View Full Version : New Jay's Alt Relocationkit
DBMajik
03-28-2007, 02:28 PM
Can someone buy this newb a clue? Jay has some very nice products and doesn't make crap. So he has some blinging dump tubes, who else even offers them?
Hey, if you want to use home depot parts on your car, that's your perogative. Obviously not mine.
rst95eclipse
03-28-2007, 03:12 PM
See the bar on the top? That's the tensioner.
I'm not a fuckin' idiot. You obviously didn't read my post right. Additionally, you must not have a clue as to how the belt system works on a 4g63. The alternator and water pump are ran off the same belt.

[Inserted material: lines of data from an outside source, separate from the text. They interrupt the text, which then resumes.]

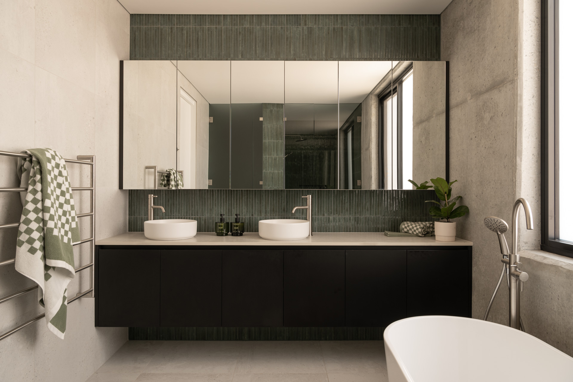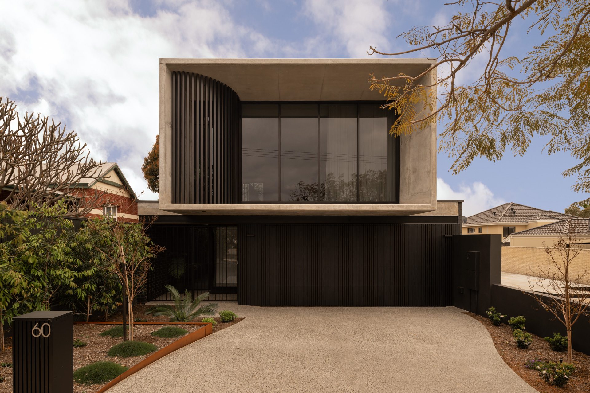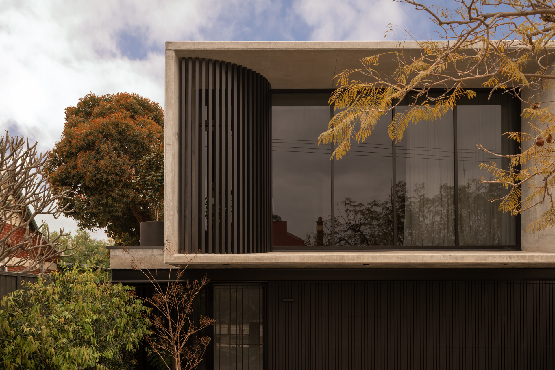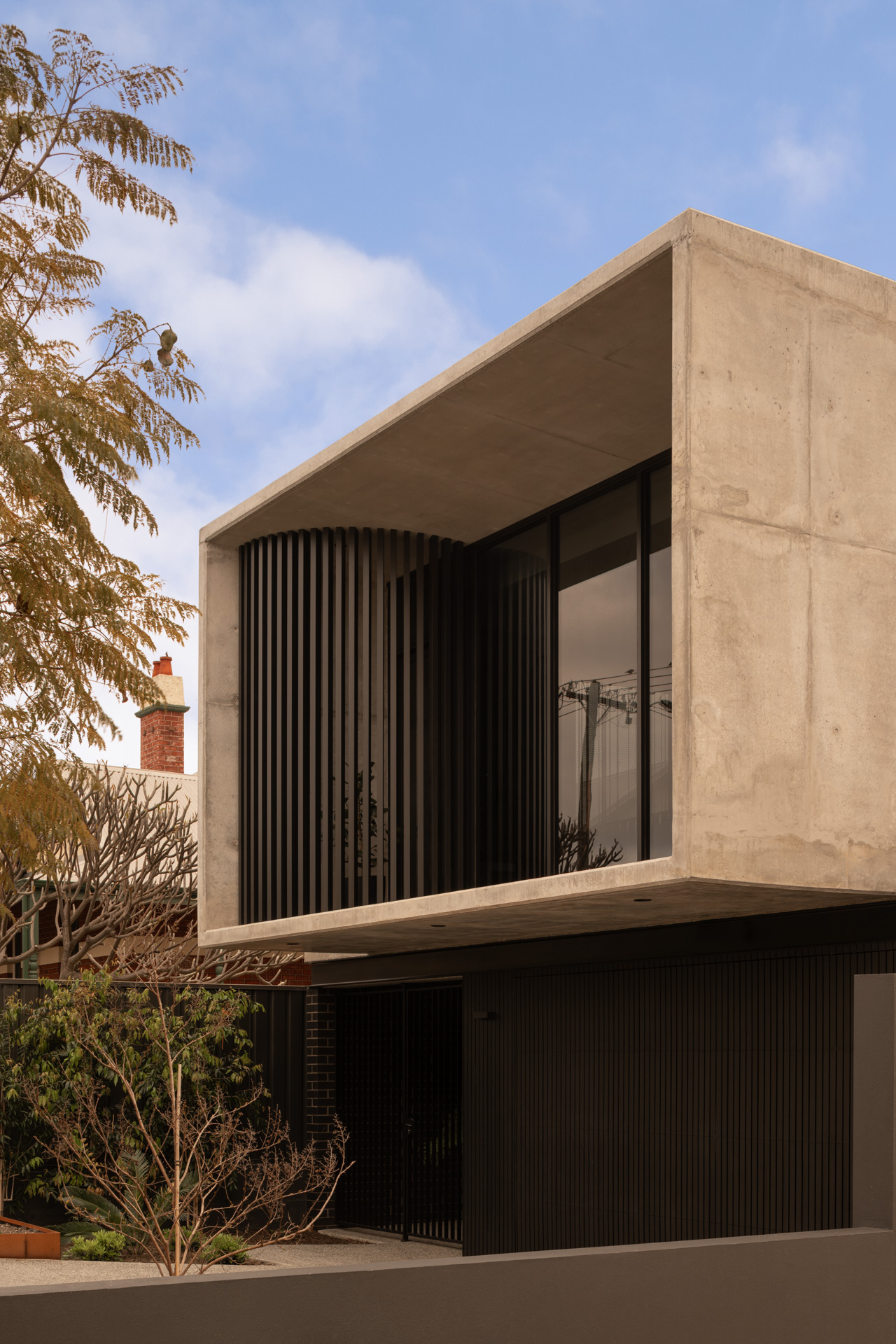 Bold without being intrusive, the geometrically striking upper storey is softened with a curved batten façade that harbours a balcony plant, offering both privacy and a connection to nature for the upstairs living area.
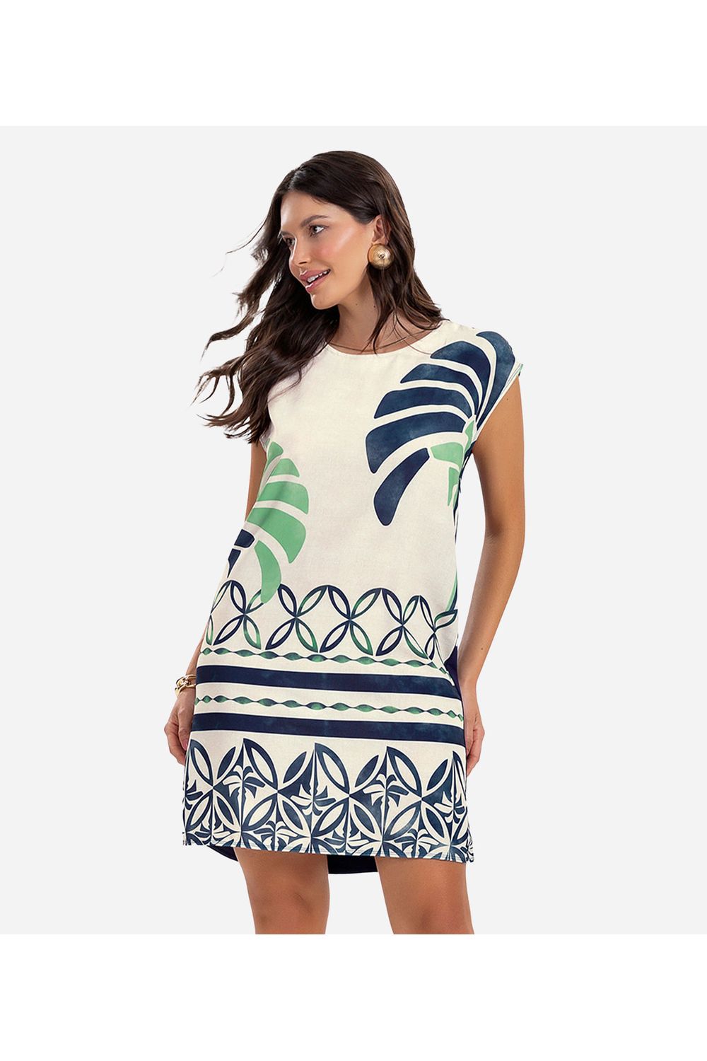 O Vestido Feminino Curto Estampado é a escolha ideal para quem busca conforto e estilo. Confeccionado em viscotorcion, tecido leve e macio, oferece um caimento solto e confortável. Seu design moderno conta com modelagem ampla, garantindo liberdade de movimento. O decote redondo traz praticidade, enquanto a estampa frontal sublimada adiciona um toque de personalidade e charme. Versátil e estiloso, é perfeito para diversas ocasiões, combinando com sandálias, tênis ou botas.-
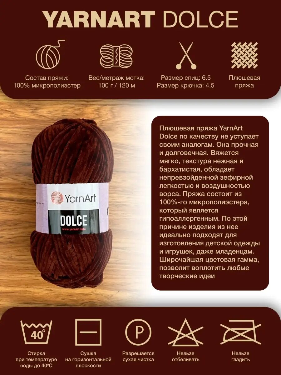 Пряжа YarnArt Dolce терракот (793), 100%микрополиэстер, 120м, 100г, 3шт 1 158 ₽
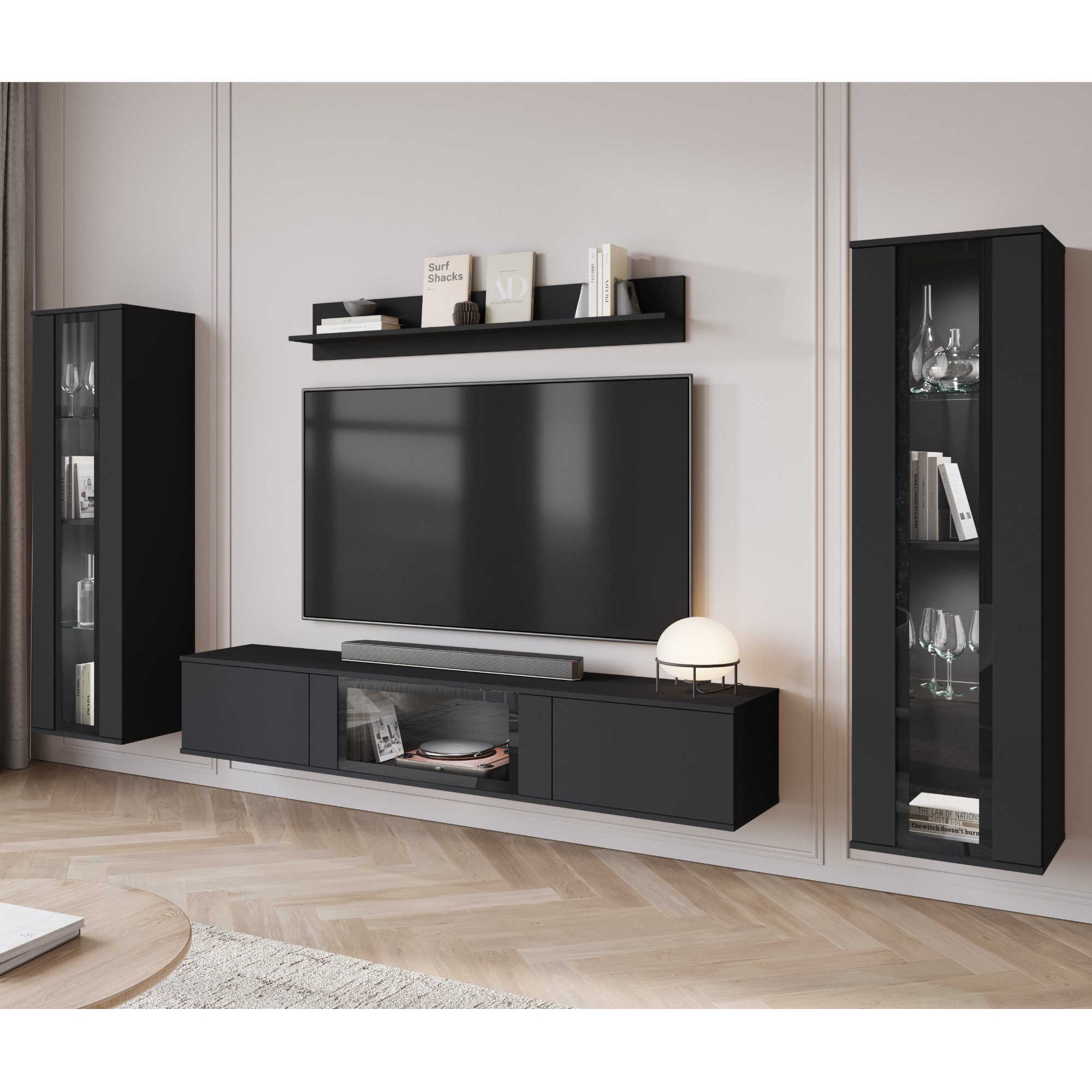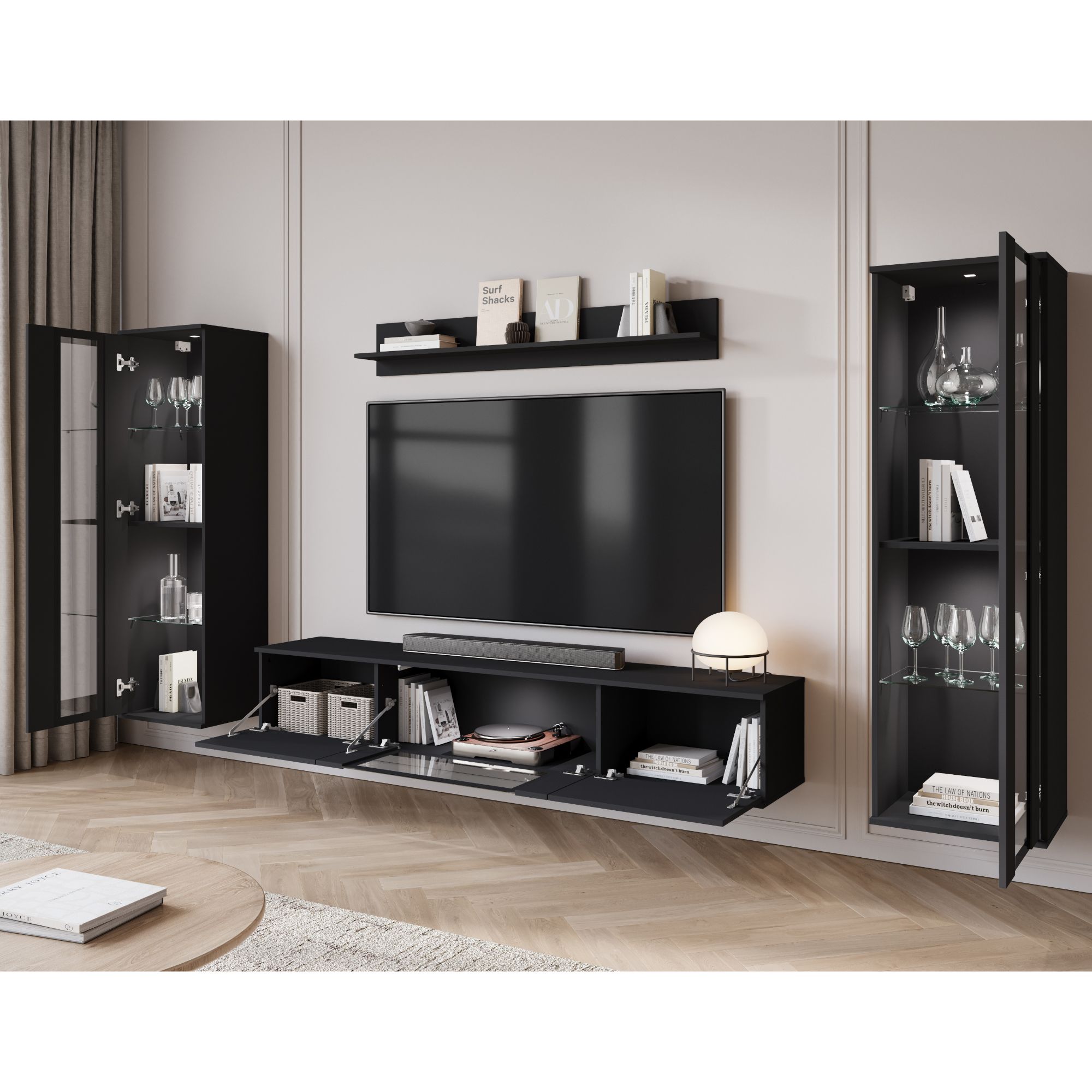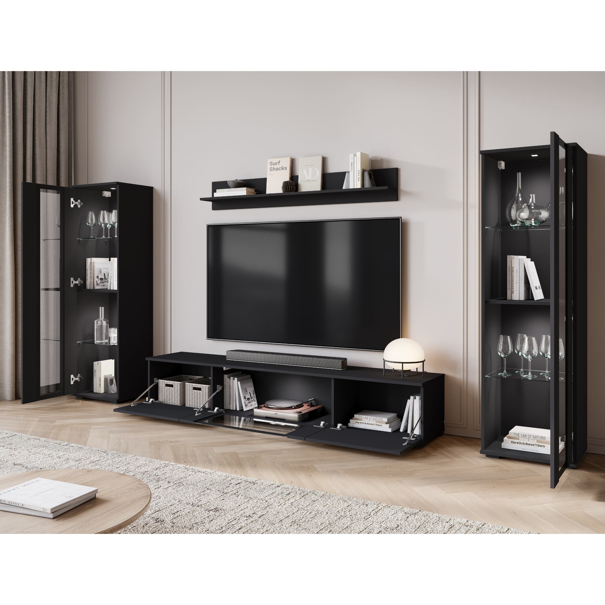 Moderná obývacia stena LAIMA vyhotovená v čiernej farbe ponúka ideálne prepojenie štýlového dizajnu a funkčnosti.

If you take away the alternator, you don't have a tensioner for that belt and it must be shortened. Otherwise, you'll have to rig up a separate tensioner that can run that huge belt (which doesn't need to be that long).
As for the dump tube, I've seen worse. At least it's being dumped elsewhere, besides the engine bay. You can always make your own flange or grind off the flames.
Hey, if you want to use home depot parts on your car, that's your perogative. Obviously not mine.
How do you expect to make a universal kit without a flex pipe? It is also 304SS, not aluminum from Home Depot. Besides, we aren't even talking about the dump tubes. If you think a CNC'd alternator relocating kit with Heim links for adjustment is ghetto, then you need to quit hanging out with the Honda guys.:nod:
Goat Blower
03-28-2007, 03:43 PM
See the bar on the top? That's the tensioner.
Stuff on that site looks ghettoooo.
example: http://www.jayracing.com/index.php?main_page=product_info&cPath=1&products_id=20
Hey, welcome to DSM's. Ghetto sells.:banana:
Pushit2.0
03-28-2007, 06:43 PM
If they moved the alternator belt to the AC part of the pulley you would just need to buy a 4 cog belt that is exactly the right length, then no tensioner is needed. Can someone link/host some of the pics, for some reason my computer will not load the website.
~John
Halon
03-28-2007, 07:31 PM
http://www.jayracing.com/images/products/ARK-1%20004.jpg
Goat Blower
03-29-2007, 12:03 AM
It uses the same alternator groove of the crank pulley, you need a tensioner. Mine squeals at start up because the Buschur style only uses a bolt to push the alternator away from the block instead of solidly locating it like this adjustable arm. I gotta check to see if that upper arm gets in the way of the 2.4 knock sensor hole though.
Good call Steve, it looks like it is screwed into the 2.4l knock sensor location.
rst95eclipse
03-29-2007, 11:26 AM
If they moved the alternator belt to the AC part of the pulley you would just need to buy a 4 cog belt that is exactly the right length, then no tensioner is needed. Can someone link/host some of the pics, for some reason my computer will not load the website.
How could you get the belt to the correct tension without a tensioner? Just by pulling the crank pulley down as hard as can be and bolt it down? Don't belts heat up and stretch?